◆ **Supplied data**:
-*-*-

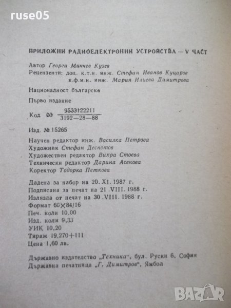 Книга"Приложни радиоелектронни устройства-V ч.-Г.Кузев"-160с → Обява 40051817
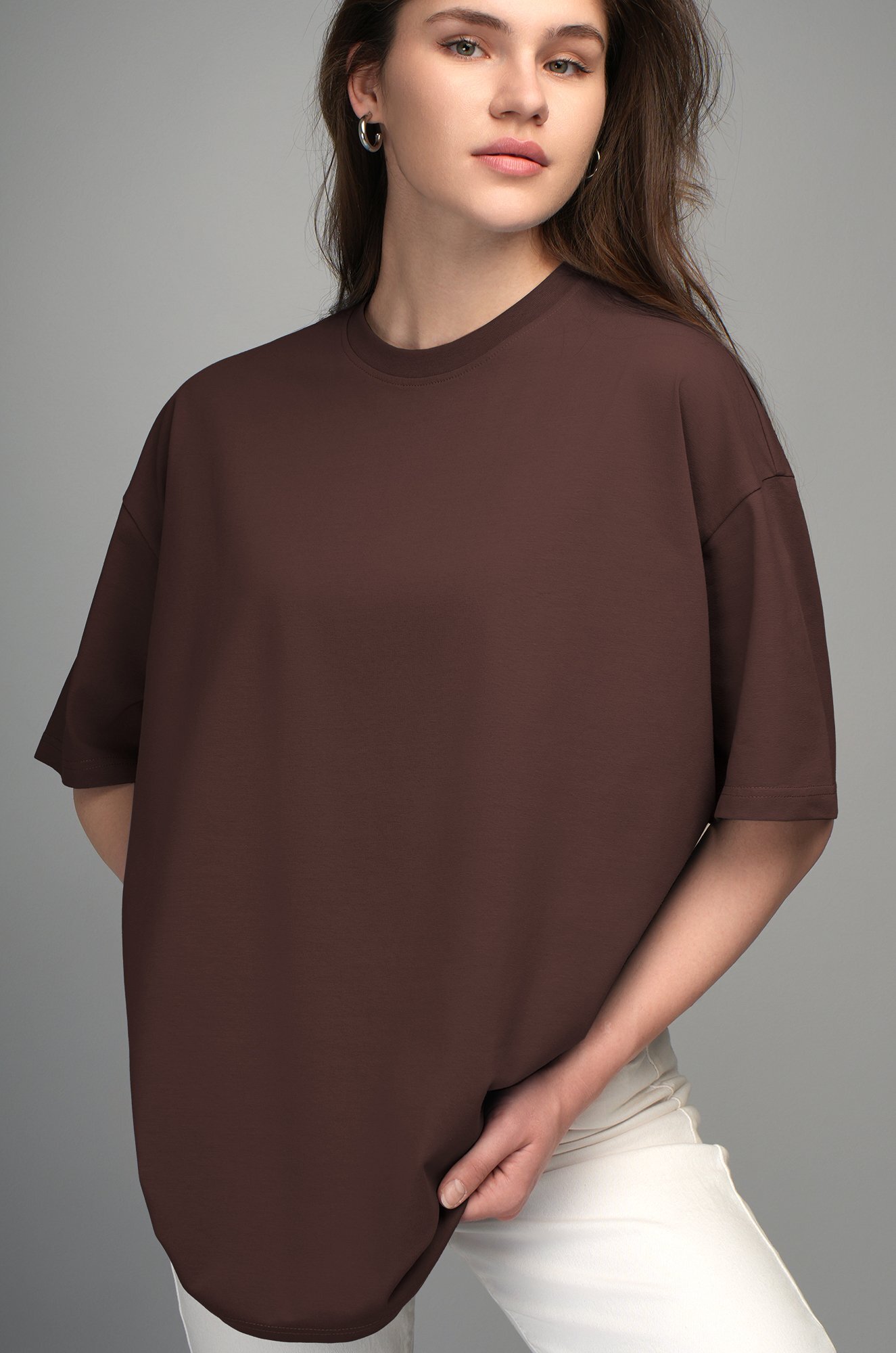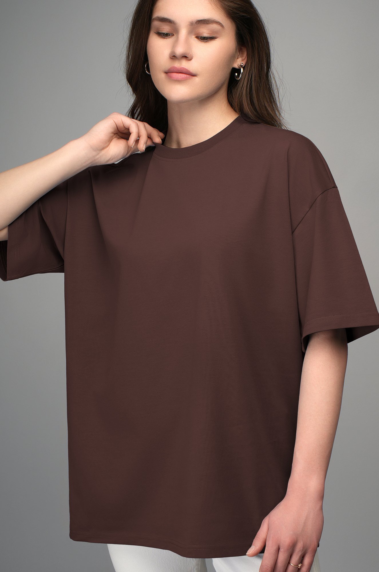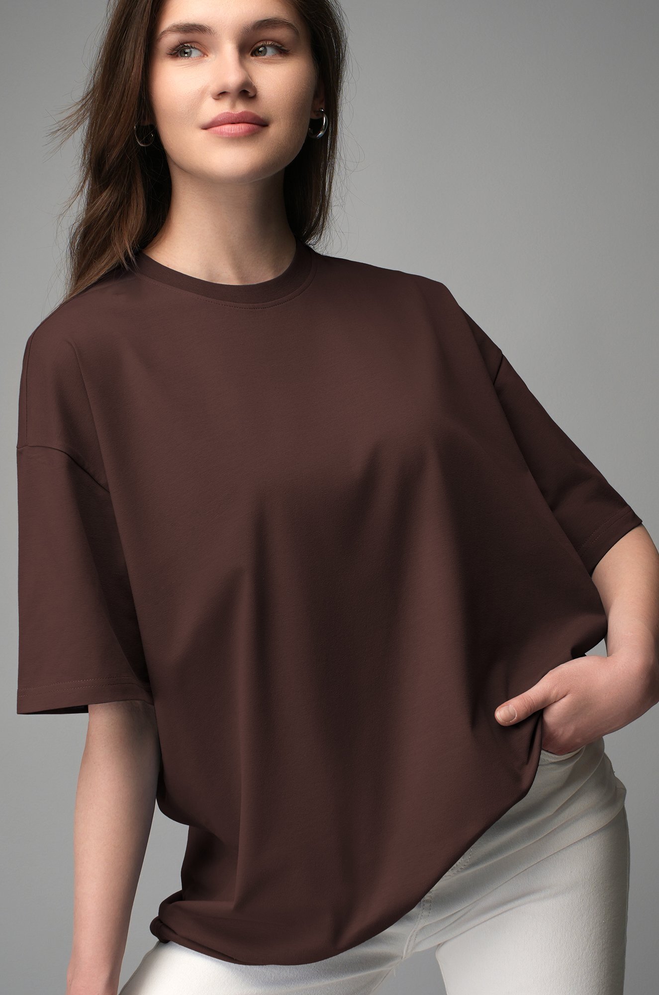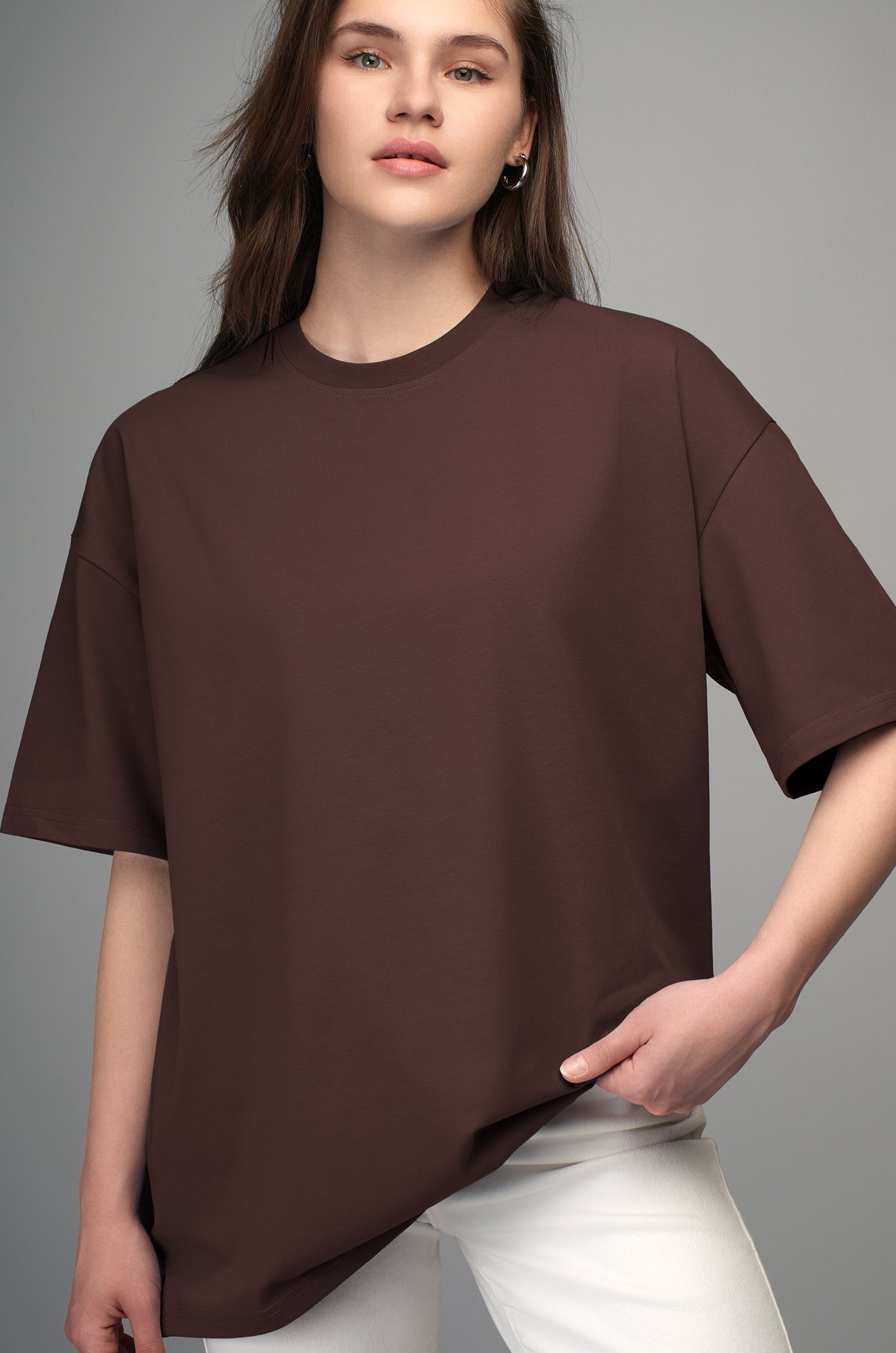 Однотонная женская футболка оверсайз с коротким рукавом выполнена из трикотажа с высоким содержанием хлопка. Стильная футболка шоколадного цвета легко сочетается с любым низом. Трендовый крой оверсайз уже не один сезон находится на пике популярности, свободная футболка – это современная база.
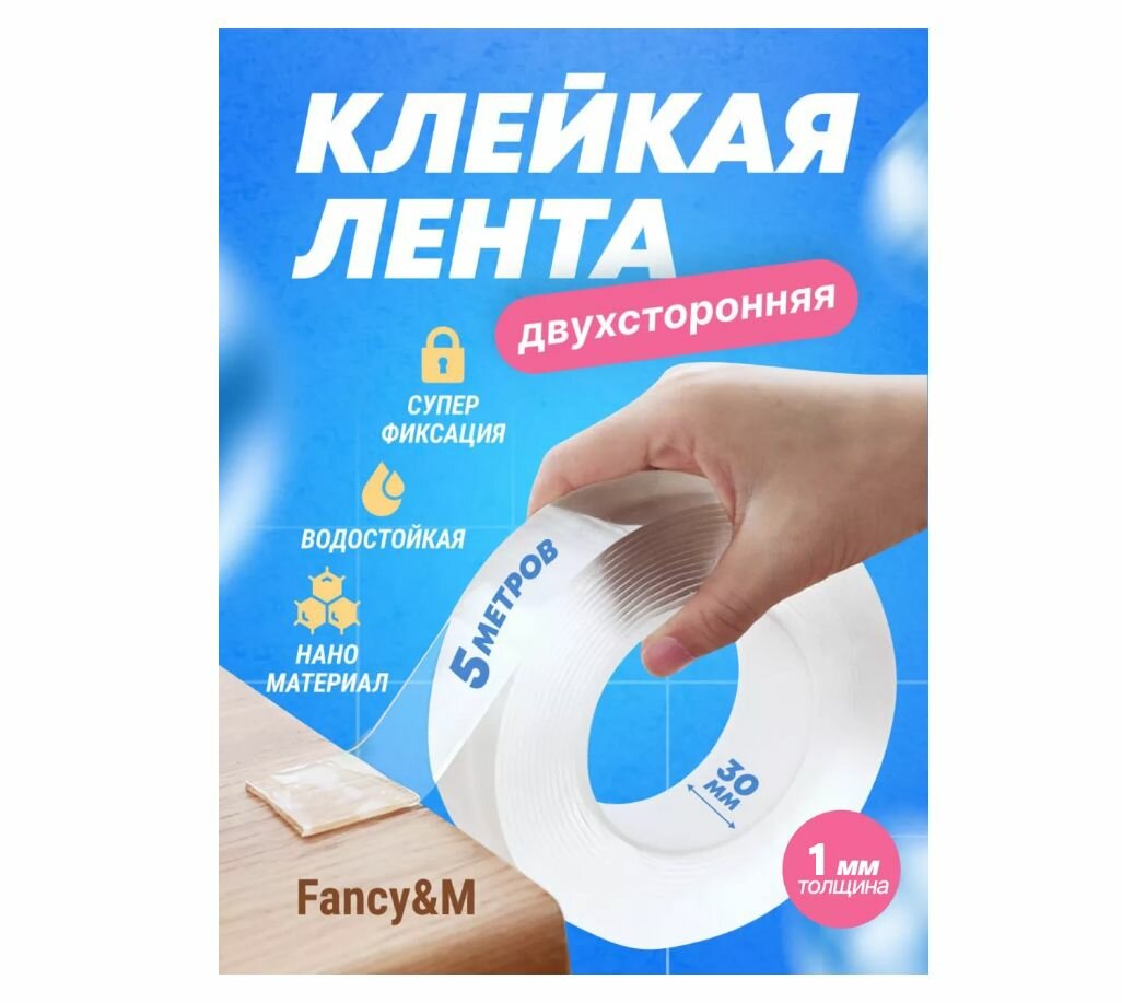 10 цен на Многоразовая прозрачная двусторонняя клейкая лента 5м. Х 3см.

-*-*-

◆ **Work item**: In the data above, the line containing "Однотонная женская футболка" and all lines after it are to be reproduced exactly, leaving out the pictures.

◆ **Expected answer**:
 Однотонная женская футболка оверсайз с коротким рукавом выполнена из трикотажа с высоким содержанием хлопка. Стильная футболка шоколадного цвета легко сочетается с любым низом. Трендовый крой оверсайз уже не один сезон находится на пике популярности, свободная футболка – это современная база.
 10 цен на Многоразовая прозрачная двусторонняя клейкая лента 5м. Х 3см.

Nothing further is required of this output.